Yes, and JSON can be considered a misnomer for this reason. These
difficulties interoperating with objects are acknowledged (but sadly, not
removed) by JSON5 https://spec.json5.org/#objects it's super hard to make
any specification more restrictive, because it typically breaks many things
that went before.

It's likely that hundreds of thousands of developer hours were lost because
of this discrepancy and misleading name since JSON became a thing. I had
the same WTF moment regarding duplicate names in JSON about a decade ago
after a multi-hour troubleshooting session :)... Naming things is just
plain hard. I'm personally guilty of a confusing name in Apache Ant...
followSymlinks="false" really should have been ignoreSymlinks=true ...
because that's actually what happens: the code never even sees the symlink
if you set that attribute so you can't operate on symlinks even if they
exist. The name I chose focused on my use case rather than the actual
implementation. *sigh*

As for the Solr case, can you back up and identify where your repeated
attributes are meant to be used ... you say "handler" which is defined in
solr config (which doesn't have a JSON option)

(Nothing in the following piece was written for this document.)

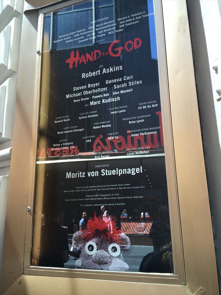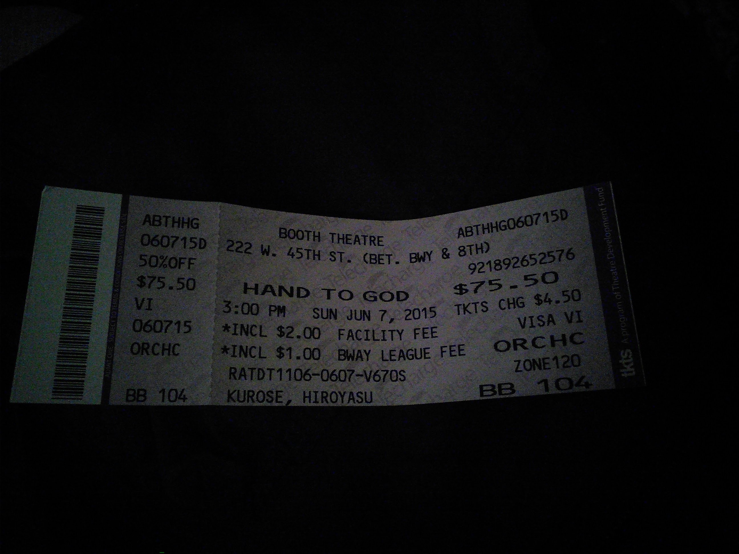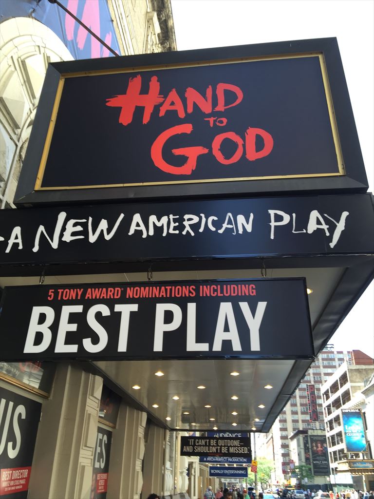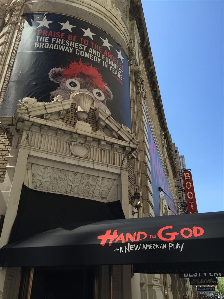 題名:Hand to God 劇場:Booth Theatre 日時:2015年6月7日15:00-17:00(途中休憩あり) 料金:TKTS 75.5USD+ TKTS手数料4.5USD 座席:ORCH BB104(1階2列目センター) Cast List: Steven Boyer - JASON/TYRONE Geneva Carr - MARGERY Marc Kudisch - PASTOR GREG Sarah Stiles - JESSICA Michael Oberholtzer - TIMMY Production Credits: Moritz von Stuelpnagel (Direction) Beowulf Boritt (Scenic Design) Sydney Maresca (Costume Design) Jason Lyons (Lighting Design) Jill BC Du Boff (Sound Design) Marte Johanne Ekhougen (Puppet Design) Other Credits: Written by: Robert Askins Synopsis: The good children of Cypress, Texas are taught to obey the Bible in order to evade Satan’s hand. But when students at the Christian Puppet Ministry put those teachings into practice, one devout young man’s puppet takes on a shocking personality that no one could have expected. The uproarious and provocative HAND TO GOD centers on shy, inquisitive student Jason, who finds an outlet for his burgeoning creativity at the Christian Puppet Ministry in the devoutly religious, relatively quiet small town of Cypress, Texas. Jason’s complicated relationships with the town pastor, the school bully, the girl next door and—most especially—his mother are thrown into further upheaval when Jason’s hand puppet, Tyrone, takes on a shocking and dangerously irreverent personality all its own. HAND TO GOD explores the startlingly fragile nature of faith, morality and the ties that bind us. The New York Daily News says, “HAND TO GOD is bound to leave you sore from laughing. It can’t be outdone—and shouldn’t be missed.” 1階席ほぼ満員。TKTSで2列目センターが出てきました。20分並んだかな。 床が目のたかさなので多少見づらいですが、まあ問題なし。 舞台はどこかの教室のよう、懺悔室らしき場所あり。 Flying high for Jesus、The LORD is my Shepherd というポスターあり。 懺悔室の幕が開くと人形が前口上、これまたダークで笑いがでます、 そして日曜学校の人形劇の練習から物語が始まります。 主人公は気弱なんですが、左手のマペットを1日中つけており、それが まるで生きているかのよう。別に腹話術をしているわけではないのですが、 独自の命があるようにみえてきます。 そのマペットが勝手に彼女に暴言はいておもわずたたきつけ、、、 そうこうするうちに母親は友人とできてしまい、そこのシーンがワイルドで凄い。 人形劇をするとよくないことが起きると主張しますが、母親によって続けるように 強制され、口から人形をやぶってしまいます。 まるでゾンビみたいな形になった人形にベッドの上で起こされ、そこからの一人芝居 *ひとりと一匹*が鬼気迫る演技。。 本当に左手が別に生きていて勝手に意識をもって、主人公の暗黒面が表面化したみたい、。 舞台はくるりと回って教会から外のブランコ、そして車中へと展開します。 母親と寝た友人の耳を、マペットが食いちぎってしまって1幕おわり。 どうなるかどきどき!壮絶な演技です。もうぐずぐずで壮絶、。 これ主演男優賞でもおかしくない。やっぱり笑いにはついていけないところあり。 2幕は別室で耳を縫い合わせるところから始まりました。 元の部屋に戻ると、そこは人形地獄? 人形が刺されたり血塗られたり、 怪しい記号がかかれていたり、いかにも悪魔憑きがやったよう。 悪魔祓いをしに来ますがもちろん返り討ちにあいかけ、、またまた閉じ込めたままで 別室でこれまたあれやこれやお母さん大奮闘、神経衰弱ギリギリの人たち、でもこちら 側にいるだけにより一層すごさが伝わってくるといった感じ。 窓から主人公が思いを寄せていた彼女がグラマラスな人形と一緒に侵入。 譜面台の上でくんずほぐれつ始めてしまいます。 譜面台の上では前戯から始まって体位を変えてと、すごくエネルギッシュに やっているのに、パペットを扱っている人間のほうは本当につまらなそうに やっているギャップがすごい。お子様には見せられないシーンです とうとうパペットに反抗した主人公は乱闘の末、パペットを脱ぎ捨てることに成功、 しかし白い布を手にかけてふいていると、ふたたび手が襲ってきて、、、 それを止めるためにハンマーで自分の左手を強打、最後にはくぎ抜きのほうで 強打しようとしたところ母親が止めて代わりに母親の手を強打。 みんな血みどろになって幕。。。 かと思ったら、そこから大きなパペットが出てきて一人語りが始まりました。 かなーり怖い終わり方でした。万人にはすすめられませんが、よくできた後味悪い 芝居を見たいという方におすすめです! TONYのどれかとってくれないかなーーと願ったのですがだめでしたね。 それにしてもキャスト全員がテンションすごく高くて、血管ブチ切れそうでしたよ。 ほんとにダークで濃密な空間でした。 2時間があっという間に過ぎてしまいました。 PR

Specifically which API are you trying to interact with?

Are you possibly looking for this to make adjustments at runtime?
https://solr.apache.org/guide/solr/latest/configuration-guide/request-parameters-api.html#configuring-request-parameters

-Gus

On Thu, Feb 19, 2026 at 1:22 PM Dmitri Maziuk <[email protected]>
wrote:

> On 2/19/26 11:51, Gus Heck wrote:
>
> > I'm not a fan of this design in Solr either since almost every default
> > implementation in every language incorrectly assumes JSON is a Map
> > structure by default...
>
> JSON stands for JavaScript Object Notation and JavaScript does not allow
> duplicate keys in its objects any more than any other programming language.
>
> Whether it's "correct" or not, the "add-updatehadler" syntax for
>
>  > <str name="facet.field">subject</str>
>  > <str name="facet.field">country</str>
>  > <str name="facet.field">state</str>
>
> is not documented and if anyone has any idea what it should look like in
> "JSON", please share.
>
> As well as quoting style for quotes:
>
> "q" : "(_query_:\"{!edismax ...
>
> or
>
> "q" : "(_query_:""{!edismax ...
>
> or
>
> "q" : "(_query_:'{!edismax ...
>
> ???
>
>
> Dima
>


-- 
http://www.needhamsoftware.com (work)
https://a.co/d/b2sZLD9 (my fantasy fiction book)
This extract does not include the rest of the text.